Fransızca (le français) bir Roman dilidir. İtalyanca, Portekizce ve İspanyolca gibi, bir zamanlar Roma İmparatorluğu'nda kullanılan popüler Latince'den gelir. Fransızca konuşan bir kişi veya ülke "Francophone" olarak adlandırılabilir. Fransızca 29 ülkede resmi dildir. Fransızca, Avrupa Birliği'nde en çok konuşulan dördüncü ana dildir. Fransızca, İngilizce ve Almanca'dan sonra AB'de üçüncü sırada yer alır ve İngilizce'den sonra en yaygın olarak öğretilen ikinci dildir.
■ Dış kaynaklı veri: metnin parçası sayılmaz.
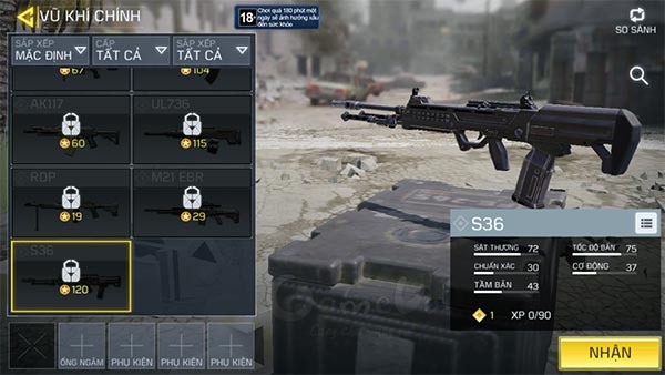 Nếu bạn là bình tĩnh trong mọi tình huống thì nên chọn khẩu S36 này, vì đơn giản nó có lượng sát thương tốt và tốc độ bắn rất cao. Còn những thông số khác thì ở dưới mức trung bình, do vậy nó chỉ phù hợp với những người chơi bình tĩnh, lối chơi cẩn thận và yêu cầu độ chính xác cao.
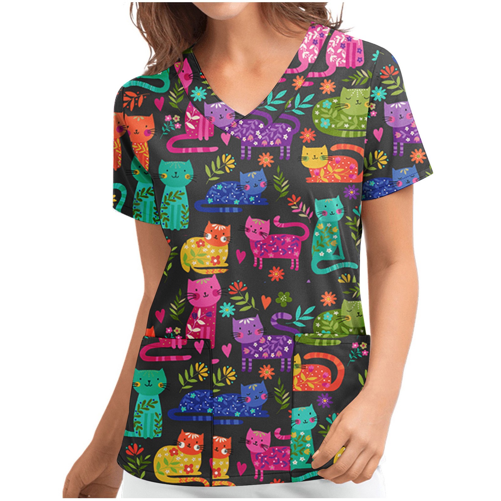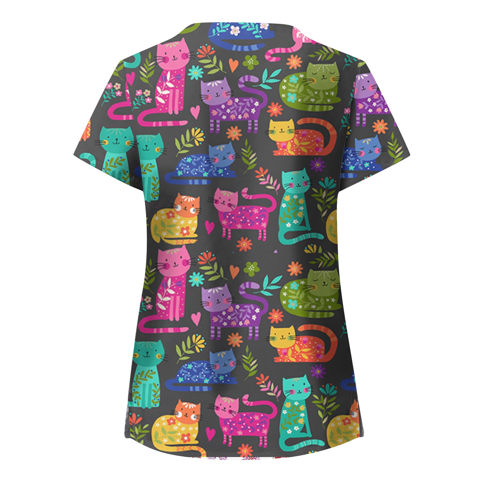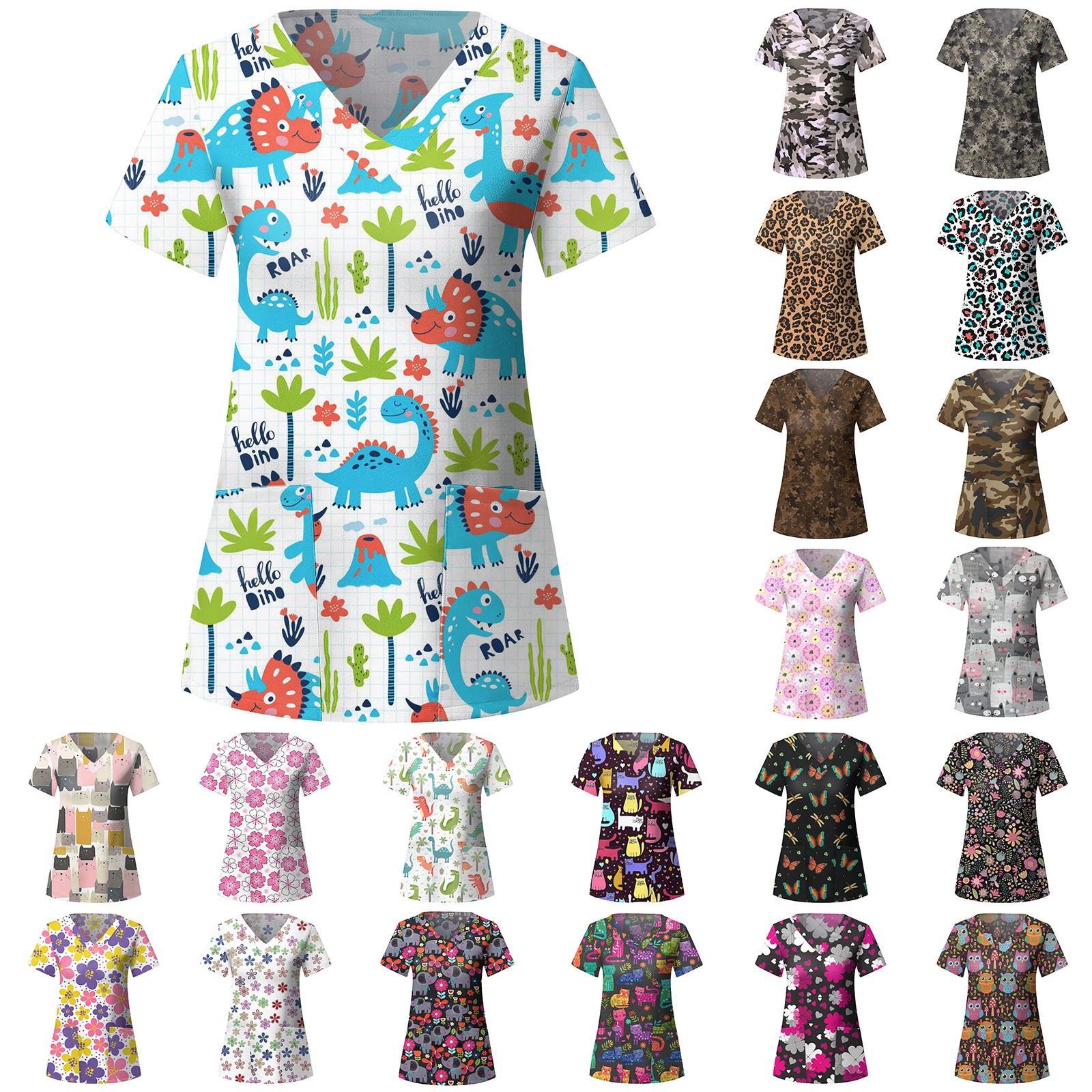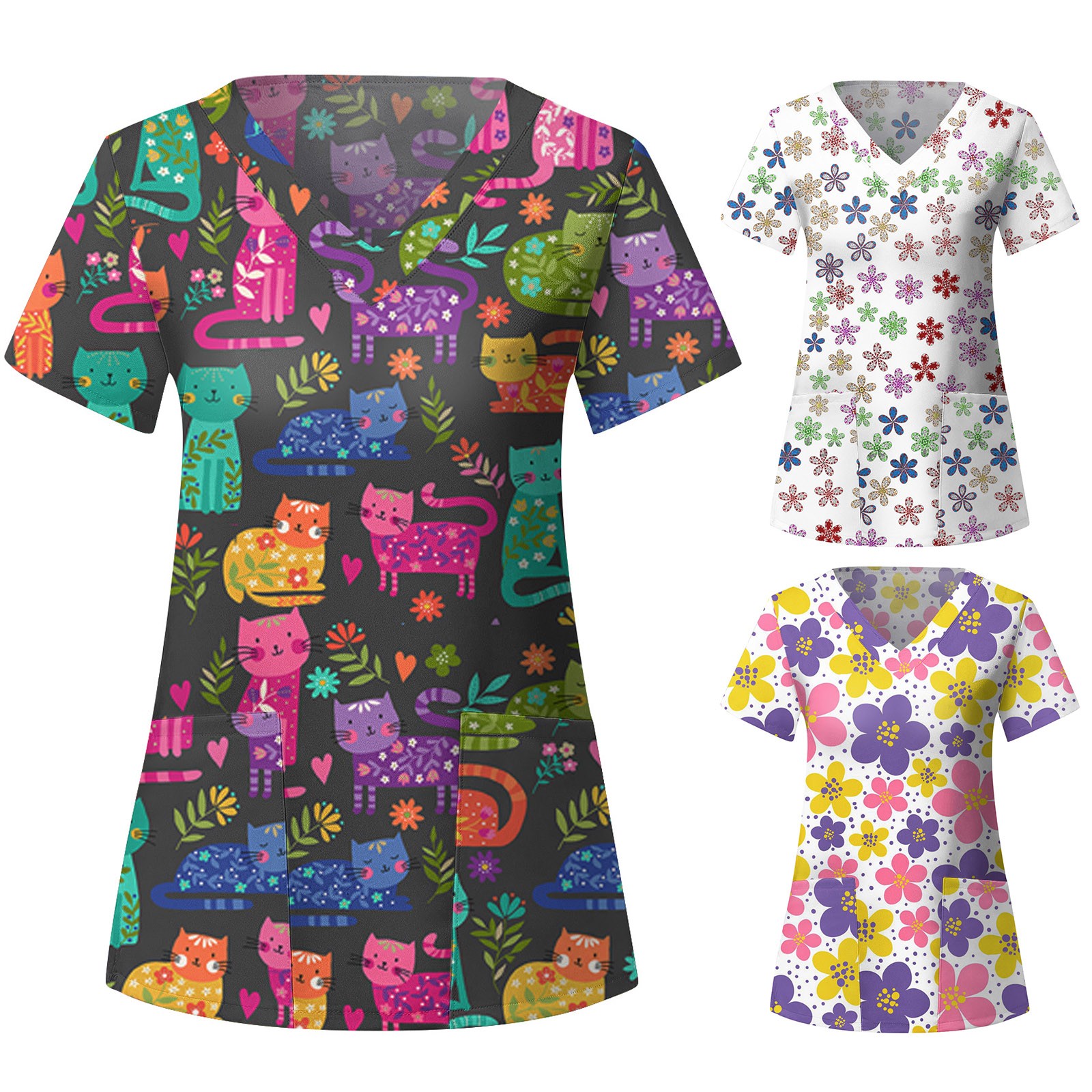 Женская униформа для медсестры размера плюс, Повседневная футболка с коротким рукавом и v-образным вырезом с мультяшным животным и цветочным принтом

Dünyanın Fransızca konuşan nüfusunun çoğunluğu, birinci veya ikinci dil olarak Fransızca konuşabilen 34 ülke ve bölgeden yaklaşık 141 milyon Afrikalı ile Afrika'da yaşıyor. Fransızca, Kanada'da İngilizce'den sonra en çok konuşulan ikinci dildir ve her ikisi de federal düzeyde resmi dildir. 9,5 milyon kişinin veya %29'unun birinci dili ve 2,07 milyon kişinin veya tüm Kanada nüfusunun %6'sının ikinci dilidir. Diğer kıtaların aksine, Fransızcanın Asya'da popülaritesi yoktur. Şu anda, Asya'daki hiçbir ülke Fransızca'yı resmi dil olarak tanımıyor.